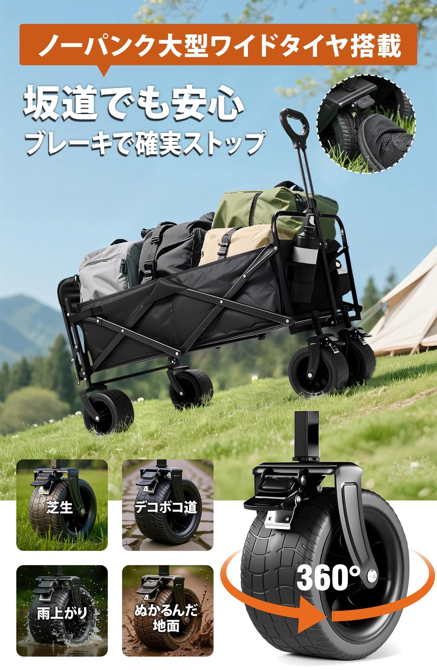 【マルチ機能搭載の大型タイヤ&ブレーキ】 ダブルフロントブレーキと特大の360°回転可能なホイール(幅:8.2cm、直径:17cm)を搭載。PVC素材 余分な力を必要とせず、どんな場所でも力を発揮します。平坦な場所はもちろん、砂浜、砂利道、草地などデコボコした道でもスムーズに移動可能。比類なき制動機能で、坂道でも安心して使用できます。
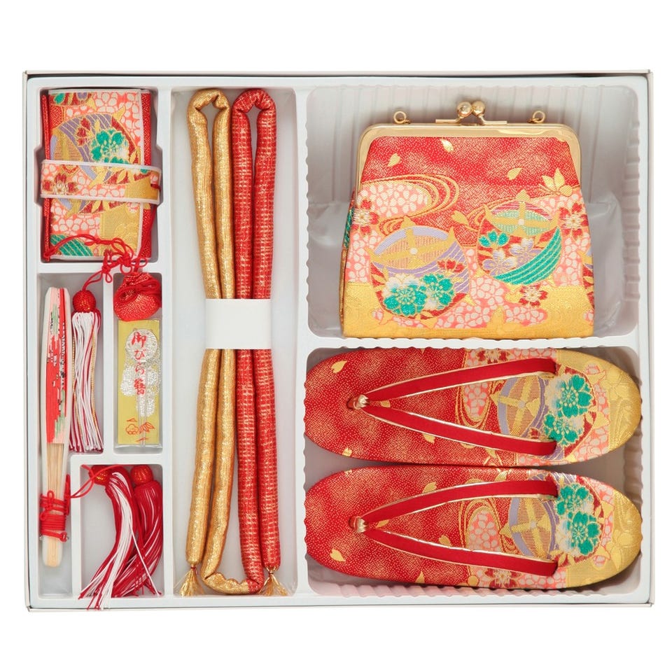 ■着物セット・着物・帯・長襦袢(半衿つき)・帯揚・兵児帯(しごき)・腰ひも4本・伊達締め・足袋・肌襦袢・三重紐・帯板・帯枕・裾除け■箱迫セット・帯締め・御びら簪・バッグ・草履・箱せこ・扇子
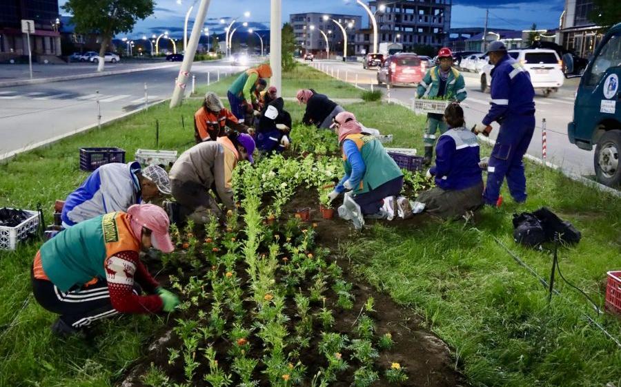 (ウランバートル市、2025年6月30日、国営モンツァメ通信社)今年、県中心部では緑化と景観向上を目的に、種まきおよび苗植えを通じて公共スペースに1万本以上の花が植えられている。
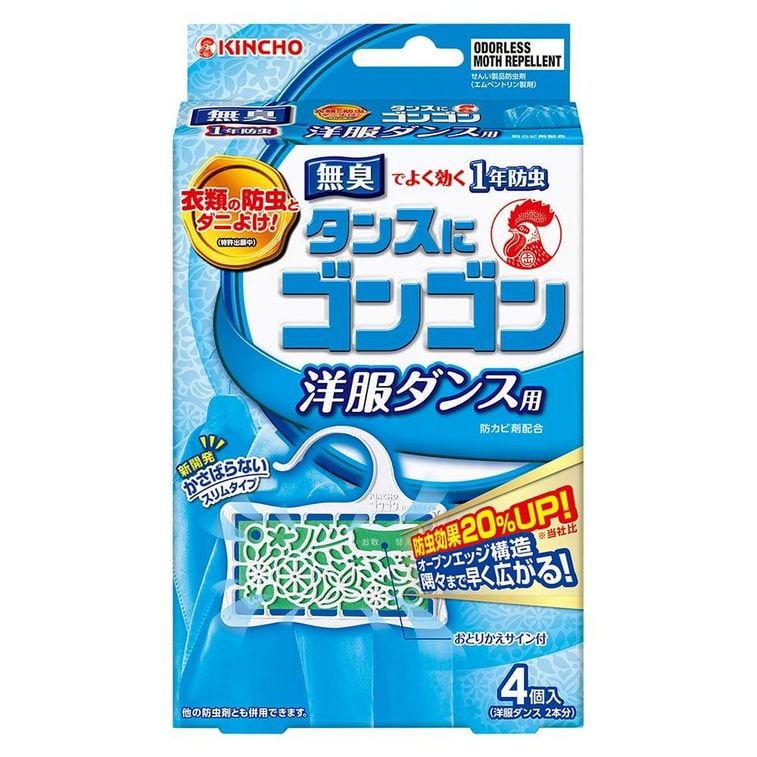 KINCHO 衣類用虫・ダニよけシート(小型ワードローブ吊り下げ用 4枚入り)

________________

What the task asks -
Without the pictures, write out the listing exactly as it appears above.

Task solution -
 【マルチ機能搭載の大型タイヤ&ブレーキ】 ダブルフロントブレーキと特大の360°回転可能なホイール(幅:8.2cm、直径:17cm)を搭載。PVC素材 余分な力を必要とせず、どんな場所でも力を発揮します。平坦な場所はもちろん、砂浜、砂利道、草地などデコボコした道でもスムーズに移動可能。比類なき制動機能で、坂道でも安心して使用できます。
 ■着物セット・着物・帯・長襦袢(半衿つき)・帯揚・兵児帯(しごき)・腰ひも4本・伊達締め・足袋・肌襦袢・三重紐・帯板・帯枕・裾除け■箱迫セット・帯締め・御びら簪・バッグ・草履・箱せこ・扇子
 (ウランバートル市、2025年6月30日、国営モンツァメ通信社)今年、県中心部では緑化と景観向上を目的に、種まきおよび苗植えを通じて公共スペースに1万本以上の花が植えられている。
 KINCHO 衣類用虫・ダニよけシート(小型ワードローブ吊り下げ用 4枚入り)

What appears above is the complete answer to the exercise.